Je me regarde dans le miroir : mon reflet n’a pas celui d’une Greta et je vois mal comment je pourrais changer les choses. Je me rappelle alors de cette phrase, à l’époque reçue légèrement; « nous sommes en 2034, la situation sur la terre est presque catastrophique, la couche d’ozone a complètement été détruite par les gaz carboniques, les industries chimiques et le poush poush en cacanne », du film Dans une galaxie près de chez vous. Le rap du Romano Fafard prend aujourd’hui tout son sens; je ne pourrai peut-être pas sauver le vaisseau, mais je peux chanter l’avenir, l’écrire, le dire, le rappeler, jouer le rôle du prophète.
Camille et Laurence pourraient bien crier leurs espoirs d’un monde meilleur, dénoncer l’inertie de la classe politique. C’est à moi de créer des personnages qui dérangent, de construire ce que j’aimerais voir dans ce monde et de brosser les contours de ce qui me bouscule, de ce qui nous bouscule.
Art dans l’apocalypse
Le rôle de l’artiste est justement de ne pas rester seul dans son bateau, dans sa folie, d’en emporter d’autres qui sont épris de leur confort ordinaire. L’art doit plus que jamais revendiquer un discours politique.

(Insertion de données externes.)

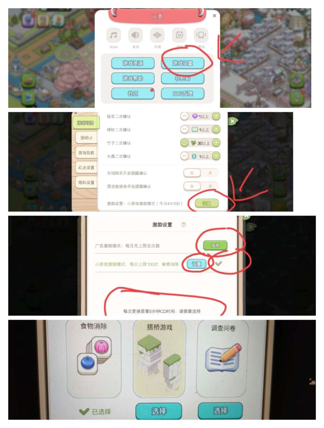 ①激励分为小游戏和广告模式,如图可以更改模式,更换cd仅为五分钟,可根据需求随时更换。小游戏模式还可以在设置里固定选择某个小游戏(推荐羊了个羊,熟练了五六秒速通)

En ce sens, l’art autochtone adopte depuis longtemps un discours engagé, non seulement en dénonçant les ravages du colonialisme, mais aussi en exprimant une vision du territoire distincte que l’on gagnerait à écouter. Plusieurs peuples des premières nations expriment depuis longtemps une conception de la vie humaine interdépendante des animaux, plantes, minéraux et humains. Ce qui contraste avec notre organisation pyramidale des écosystèmes qui nous fait défaut.
C’est le cas de l’auteure innu Natasha Kanapé Fontaine, originaire de Pessamit sur la Côte-Nord, qui dans son livre poétique « Manifeste Assi » écrit: « ma terre je la prendrai dans ma main, je la soignerai, avec un pan, ma jupe, essuiera ses larmes noires ».
Peut-être que plusieurs artistes aussi préfèrent le goût du déni à celui amer de la peur. Ils préfèrent parler de soi plutôt que de nous, il prennent la scène pour un confessionnal de consolation.
Je ferme la fenêtre de mon texte « Camille et Laurence » et j’en ouvre une autre. J’écris « Être une artiste alors que tout s’effondre ».